После такого заявления говорить было уже не о чем, и глубоко оскорбленный и расстроенный музыкант покинул оказавшийся столь негостеприимным дом.
— В момент, когда она говорила, — рассказывал он Ольге о свидании с ее матерью, — о том, что я должен тебе верить, поскольку ты часто не отдаешь себе отчета в том, что говоришь, я почувствовал ненависть к ней! Иначе и быть не могло, так как я впервые встречаю такую мать, которая в угоду своим планам говорить гадости о собственной дочери! А эти намеки на то, что я не первый, кого ты таким образом вводишь в заблуждение, а если говорить проще, то обманываешь? Более того, она опускается до лжи, полагая, что эта ложь станет преградой между нами!
Штраус был настолько взволнован, он задыхался, и ему было трудно говорить.
Ольга внимательно слушала его. В этот момент в ней самой появилось чувство, близкое к неприязни, к своей матери.
Да, она не желала этого брака, но могла отказать ее возлюбленному в куда более приличной форме, а не опускаться до лжи, достойной торговке, обвешивающей своих покупателей.
Впрочем, горько усмехнулась Ольга, ее мать и была торговкой. И никакими красивыми платьями и каретами нельзя было компенсировать отсутствие врожденного аристократизма.
Но уже в следующую минуту покорная и любящая свою мать дочь отогнала от себя эту мысль.
— Твоя мать, — продолжал взволнованный музыкант, — называет нашу любовь интригой с твоей стороны, за которую мы оба будем наказаны. Что касается ее поведения, то так себя аристократы не ведут! Да и как можно говорить не очень здоровому человеку, что дни его сочтены? А это — самая настоящая неделикатность по отноше6нию ко мне!
И надо отдать Штраусу должное.
Даже сейчас он, простолюдин, не опустился до рыночных разборок, и остался весьма корректным по отношению к дочери бакалейщика, разыгрывавшую из себя герцогиню.

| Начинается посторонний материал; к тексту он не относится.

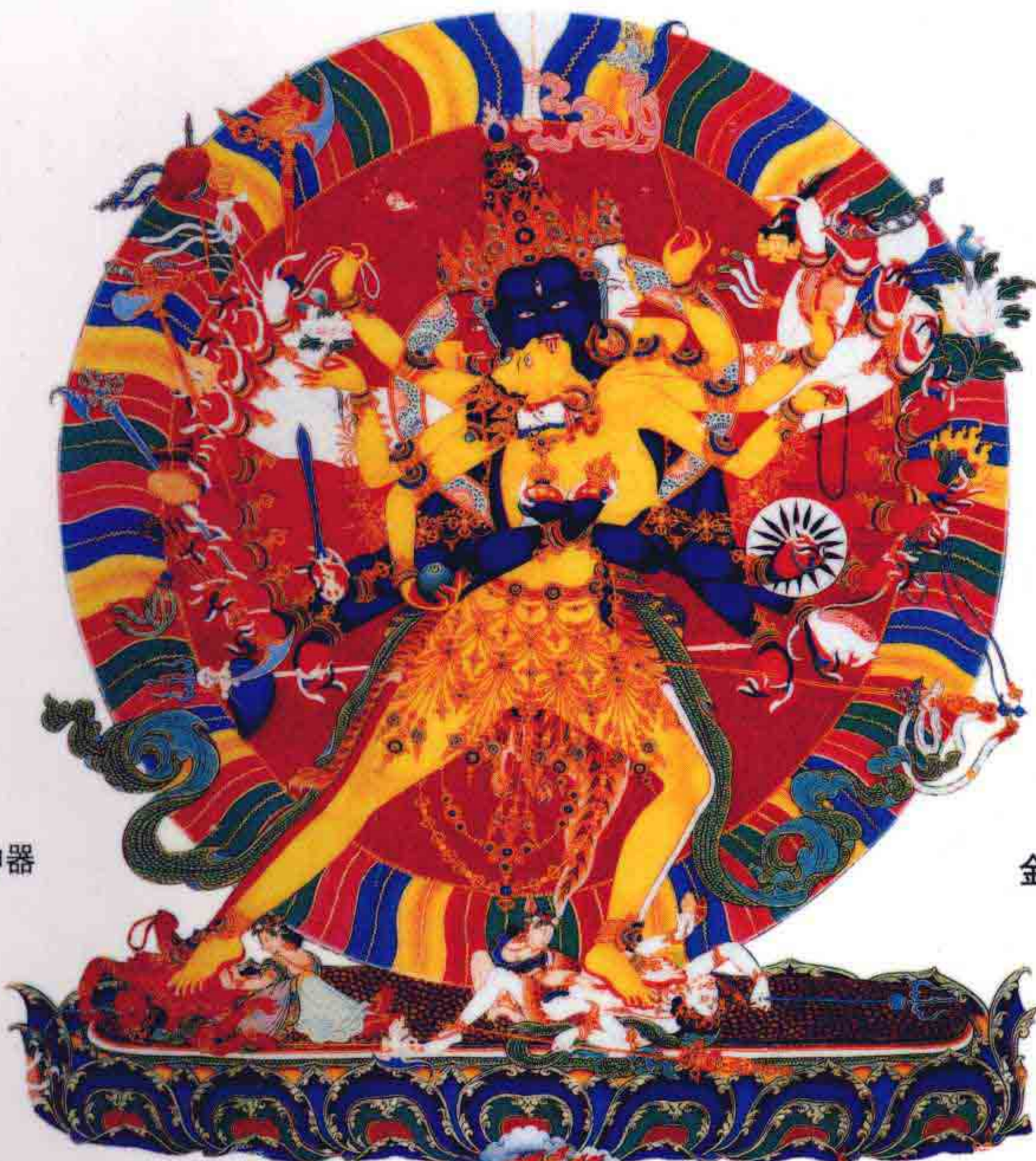
时轮金刚 引导众生脱离迷界的不二续本尊
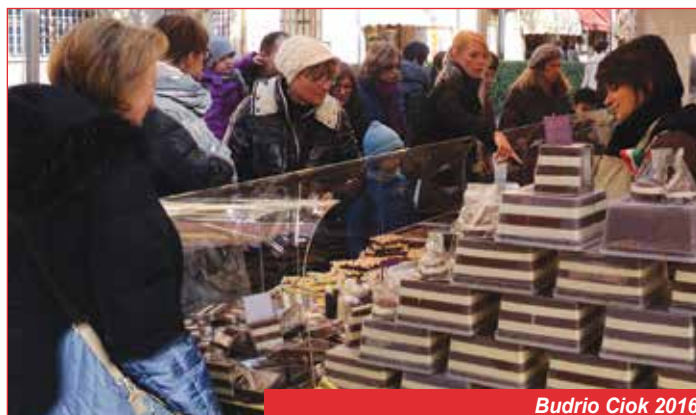
Budrio Ciok 2016

Nelle vie laterali, mercatino di Fantacrea , a completare con le sue meraviglie, la giornata.
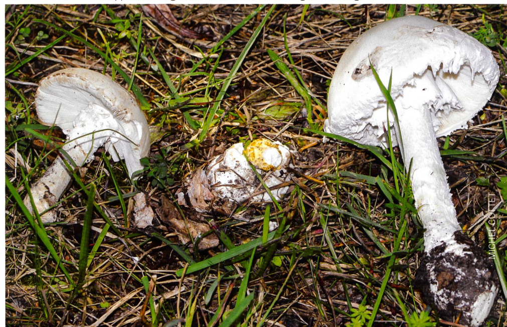
Fig. 3 SQUAMANITA SCHREIERI en compagnie de son hôte: Amanita strobiliformis Abb. 3 Der Gelbe Schuppenwulstling mit seinem Wirt dem Fransigen Wulstling

D'après SwissFungi, on a trouvé en Suisse 4 espèces, toutes très rares (entre 1 et 10 observations pour la période 1991-2018), et une 5 e est documentée par Breitenbach et Kränzlin (1995). Nous avons voulu accompagner la présente note par des planches originales dessinées à partir de différentes sources (photos d'Internet et littérature diverse).
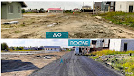
Коттеджный поселок РедВилл Кокушское сельское поселение
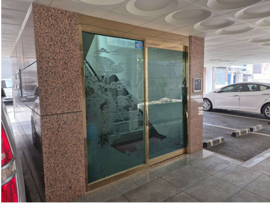
< 대상물건 주출입구 전경 >
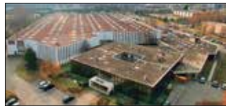
Lyon, France Velan S.A.S.
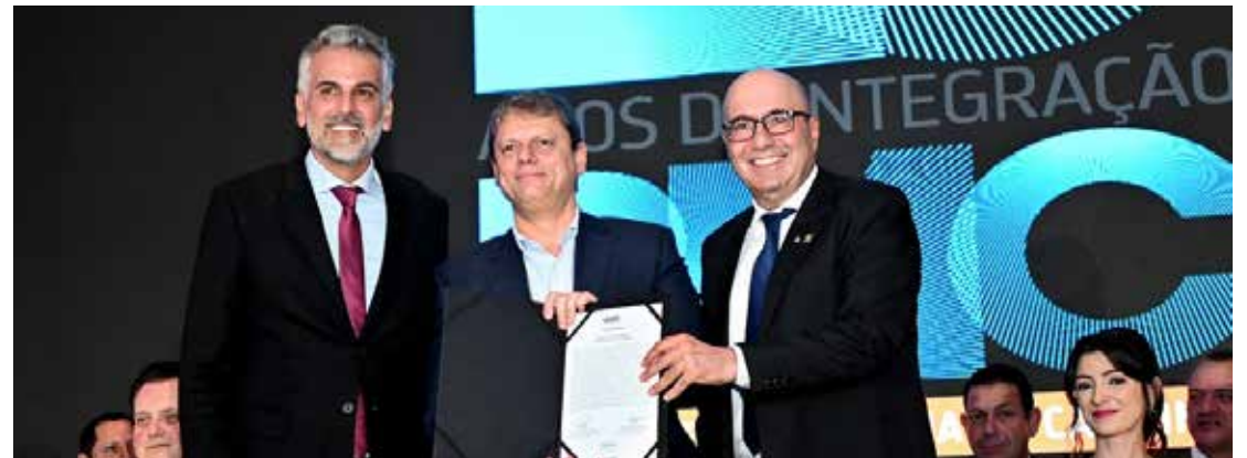
O evento também foi palco do lançamento do livro dos 25 anos da Região Metropolitana de Campinas
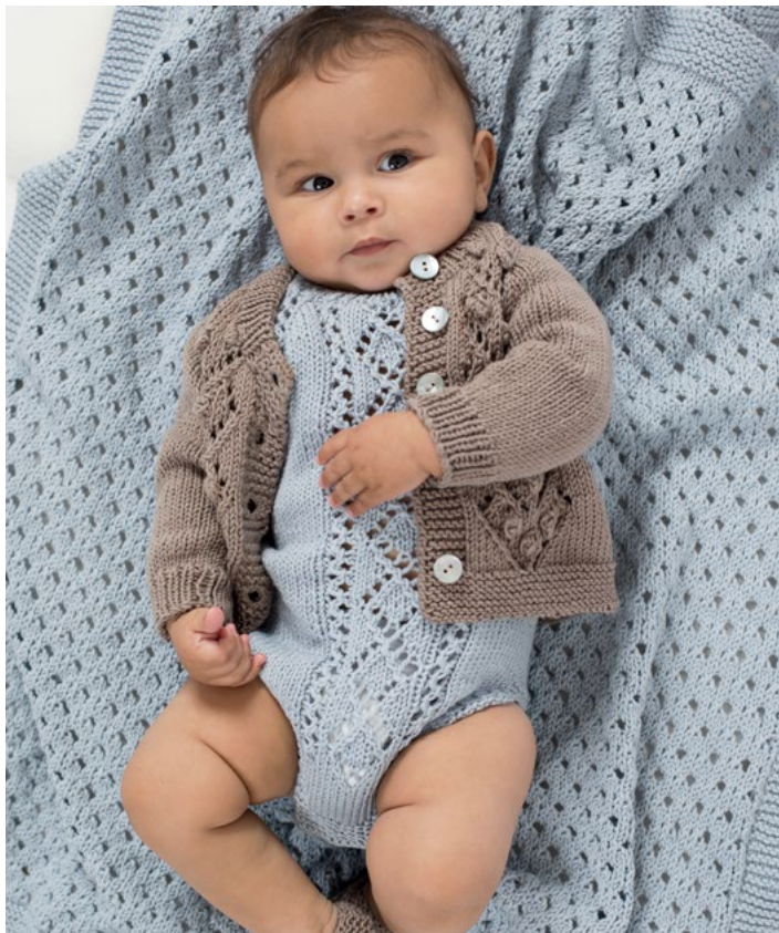
Se også i lys gråblå | DG396-08
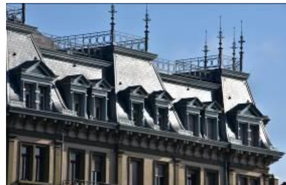
Bild 1 und Bild 2: Sanierung unter Denkmalschutz: Im Mansardendachbereich entspricht kein Bauteil dem Standard. Alle Bauteile aus Titanzink wurden individuell gefertigt.
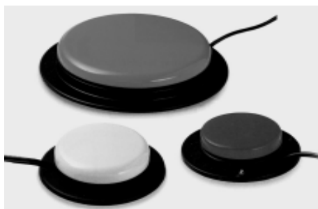
Ilustrações mostram teclado especial, mouse com adaptação e acionadores de pressão
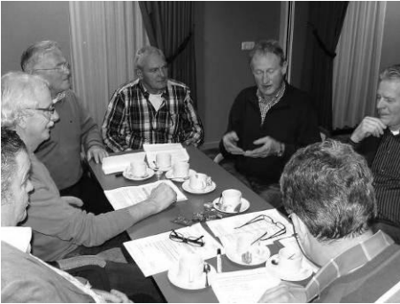
Evaluatie tijdens de ledenvergadering

Over de uitslag van de gemeenteraadsverkiezingen mochten we tevreden zijn met in het achterhoofd de ontwikkelingen van het CDA landelijk. Wij handhaafden ons netjes met vier zetels in de nieuwe gemeenteraad. Opvallend was het goede resultaat van Wij Putten die ineens met vier zetels in de raad kwam. Dankzij de lijstverbinding die wij met de CU en SGP waren aangegaan behaalden de drie christelijk partijen een meerderheid van elf zetels. De CU werd door de lijstverbinding de grootste partij en kreeg de regie in de collegeonderhandelingen. Tot zover allemaal enigszins tevreden gezichten bij het CDA.

И если называть вещи своими именами, это была самая настоящая подлость.
Как ни обожала Ольга мать, но Штрауса она тоже любила. И снова в ее душе шевельнулось что-то похожее на неприязнь к ней.
Сама она никогда не гордилась своим происхождением, но, будучи образованной девушкой, прекрасно понимала, что простолюдин Штраус и его музыка будут жить в веках, а ее мать, если войдет в историю, то только как мать девушки, которую любил великий музыкант.